→ Task prompt
Would it be possible to output exactly, and only, the lines below from the one holding "Široka kratka obleka" to the last line, both included, with every picture left out?

→ Provided material
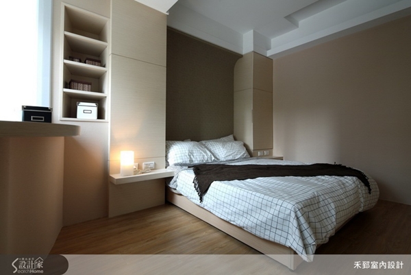 融合了木質地板與淺色櫃體的舒適色系,不但提供了良好的收納功能,也讓休憩的氛圍隨著光線的進入而倍感宜人
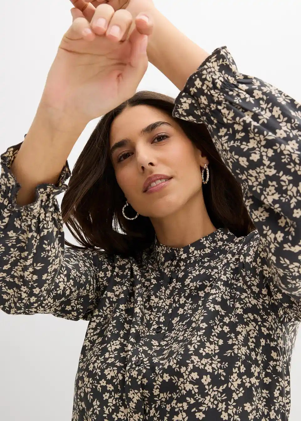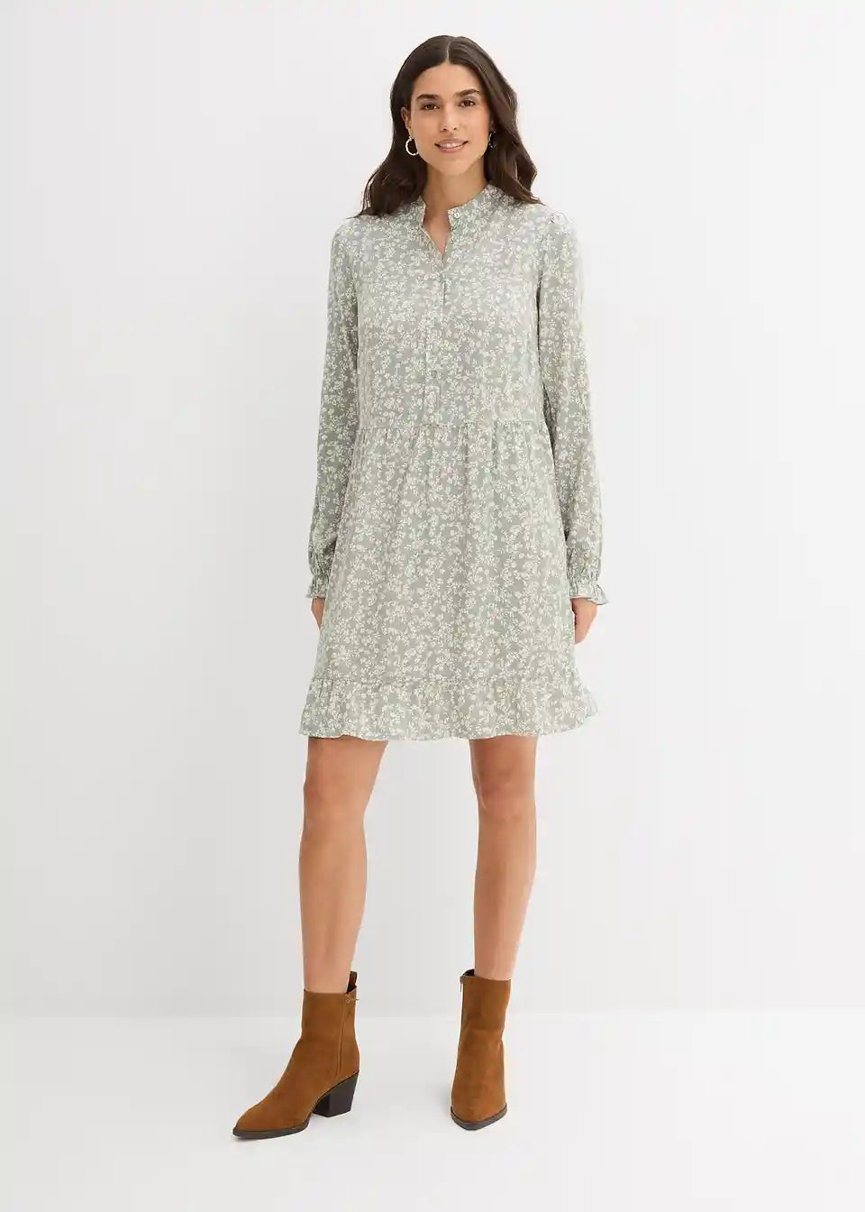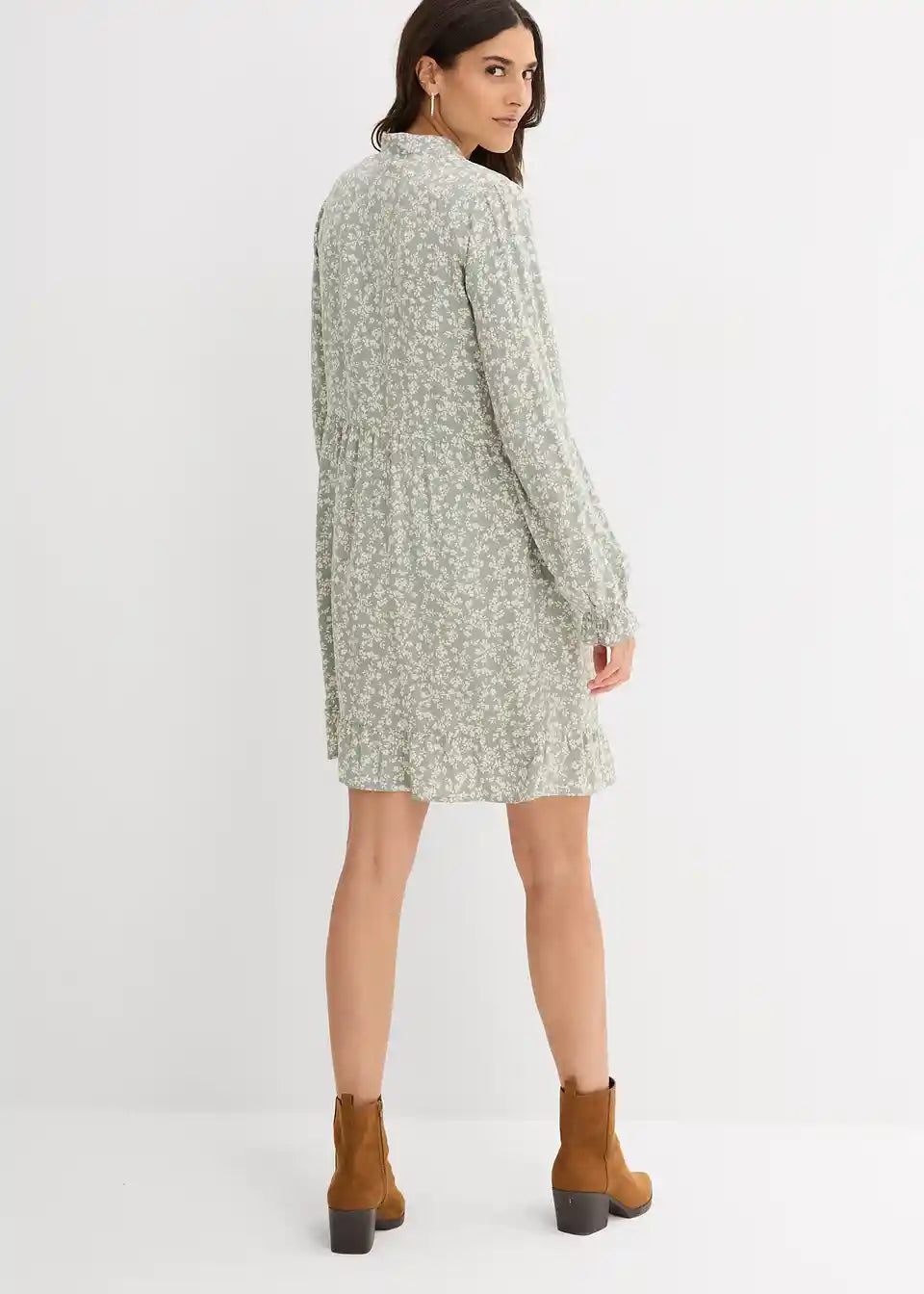 Široka kratka obleka z balonastimi rokavi in naborki na zaključkih rokavov
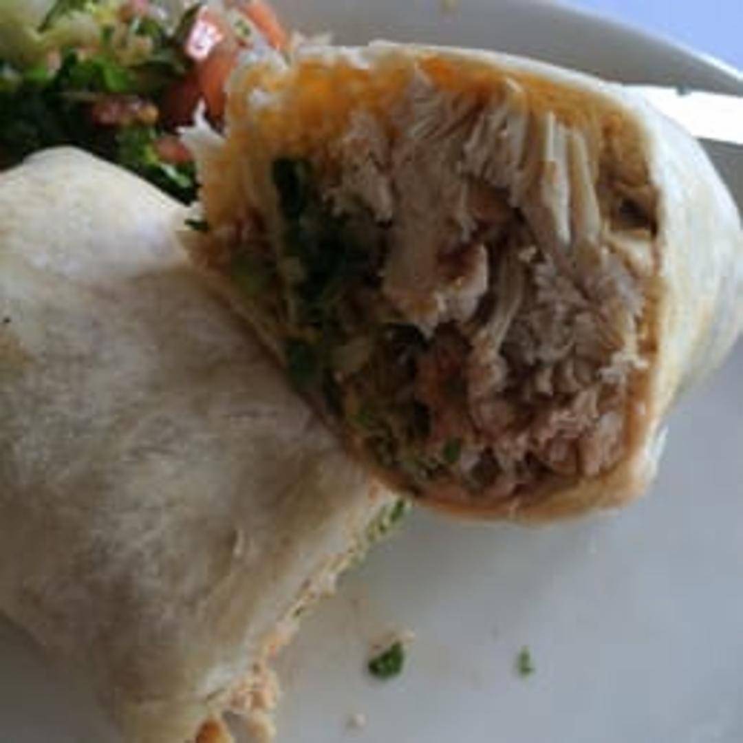 Flour tortilla filled with seasoned chicken, rice, beans, cheese, and your choice of salsa and toppings.

→ Completed exercise
 Široka kratka obleka z balonastimi rokavi in naborki na zaključkih rokavov
 Flour tortilla filled with seasoned chicken, rice, beans, cheese, and your choice of salsa and toppings.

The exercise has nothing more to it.